→ WORK REQUEST: All of the data that follows should be retyped exactly, please, except the pictures.

(Saved entries)

☆ ☆ ☆ ☆ ☆

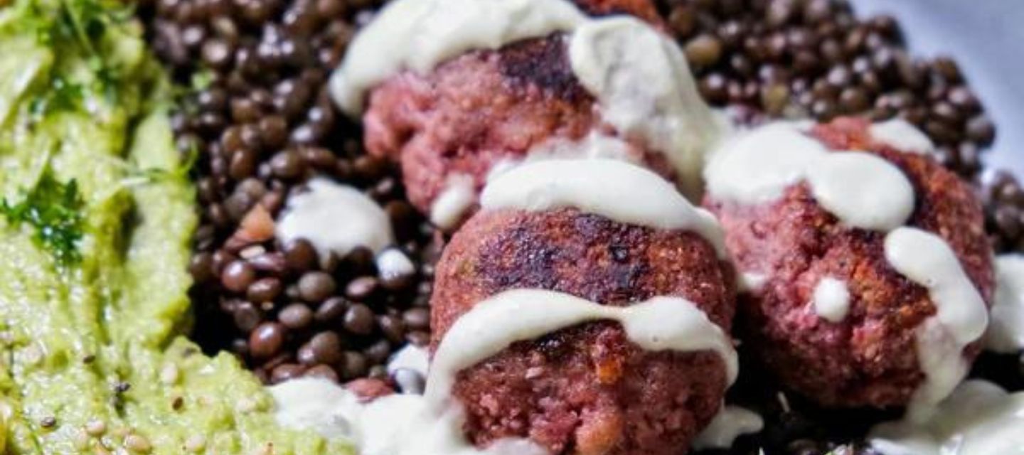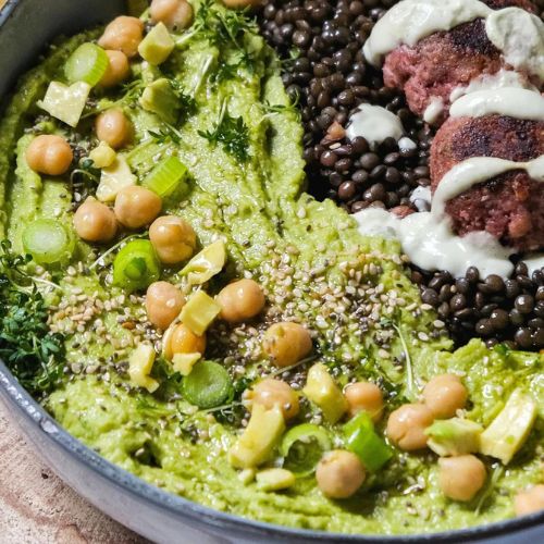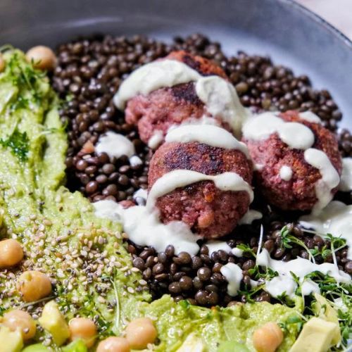• Vegane Frikadellen auf Linsen mit Green Hummus
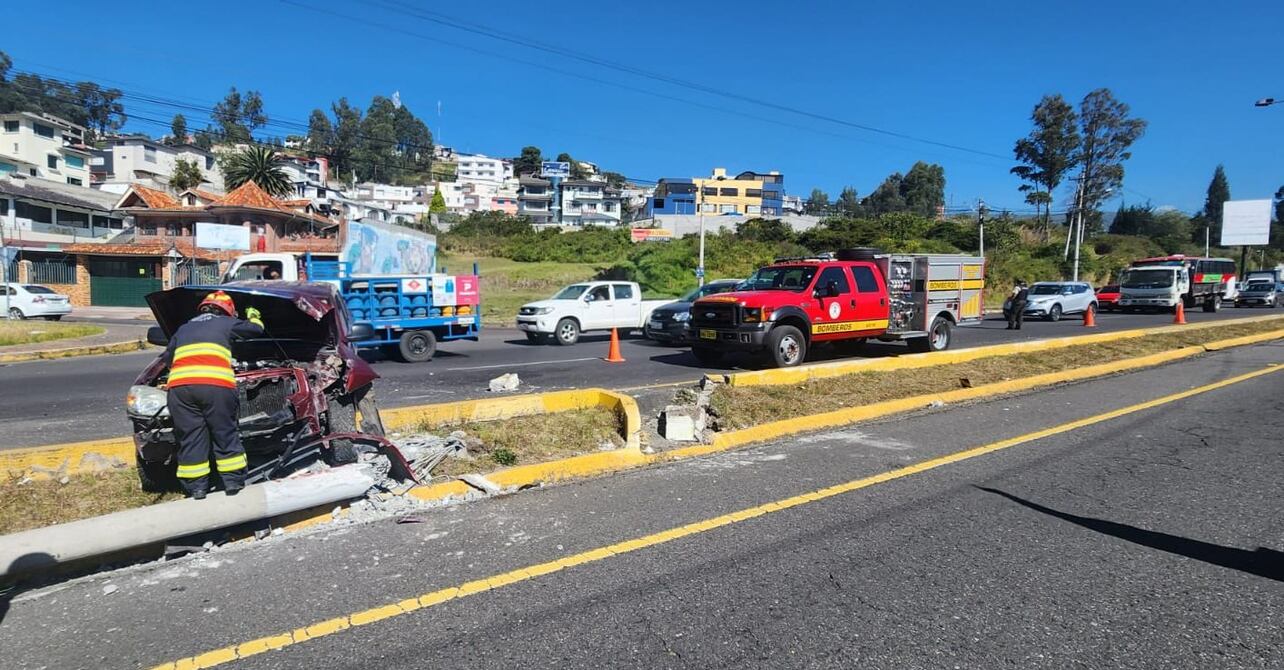 A la altura del puente 9, en la Autopista General Rumiñahui, un siniestro de tránsito se perpetró en el carril del medio. El conductor de un vehículo liviano perdió pista y se impactó de frente contra un poste de luz.
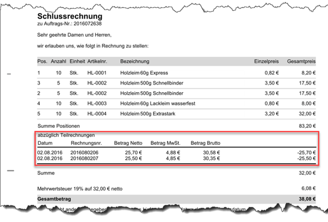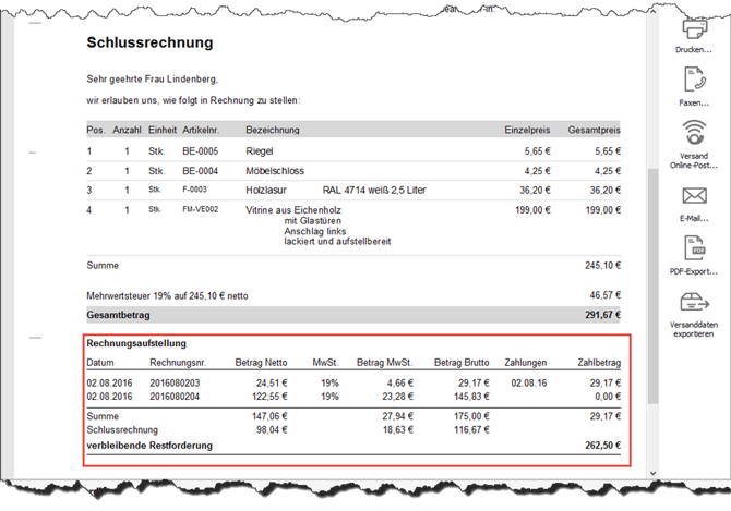Die Schlussrechnung stellt Ihnen anschließend die gesamten Artikel erneut dar und führt zudem die bereits gestellten Teilrechnungen auf.
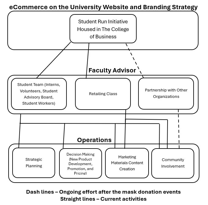 By early 2019, a multidisciplinary team of students, staff (administrative assistants and budget personnel), and faculty formed to manage operations, purchase the first inventory, and coordinate marketing strategies. The initial products arrived in Spring 2020 amid the COVID-19 pandemic. Despite the challenges posed by the global crisis, businesses continuously revamped their business models to adapt to shifting consumer behaviors and navigate supply chain disruptions. Similarly, business schools responded proactively to reinvent course delivery to maintain students’ learning experiences and learning outcomes. Students were expected to experience campus life as part of experiential learning; however, this expectation became impossible during the pandemic. Although the pandemic disrupted traditional campus experiences, it also underscored the importance of flexible, real-world learning environments—reinforcing the value of experiential education even in times of uncertainty.
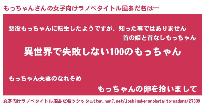| 胡散臭い通販商品みたいなあだ名 | 『絶対に幸福をもたらす健康食品…その名も「もっちゃん」』 |

☆ ☆ ☆ ☆ ☆

→ RESULT OF THE EXERCISE:
• Vegane Frikadellen auf Linsen mit Green Hummus
 A la altura del puente 9, en la Autopista General Rumiñahui, un siniestro de tránsito se perpetró en el carril del medio. El conductor de un vehículo liviano perdió pista y se impactó de frente contra un poste de luz.
Die Schlussrechnung stellt Ihnen anschließend die gesamten Artikel erneut dar und führt zudem die bereits gestellten Teilrechnungen auf.
 By early 2019, a multidisciplinary team of students, staff (administrative assistants and budget personnel), and faculty formed to manage operations, purchase the first inventory, and coordinate marketing strategies. The initial products arrived in Spring 2020 amid the COVID-19 pandemic. Despite the challenges posed by the global crisis, businesses continuously revamped their business models to adapt to shifting consumer behaviors and navigate supply chain disruptions. Similarly, business schools responded proactively to reinvent course delivery to maintain students’ learning experiences and learning outcomes. Students were expected to experience campus life as part of experiential learning; however, this expectation became impossible during the pandemic. Although the pandemic disrupted traditional campus experiences, it also underscored the importance of flexible, real-world learning environments—reinforcing the value of experiential education even in times of uncertainty.
| 胡散臭い通販商品みたいなあだ名 | 『絶対に幸福をもたらす健康食品…その名も「もっちゃん」』 |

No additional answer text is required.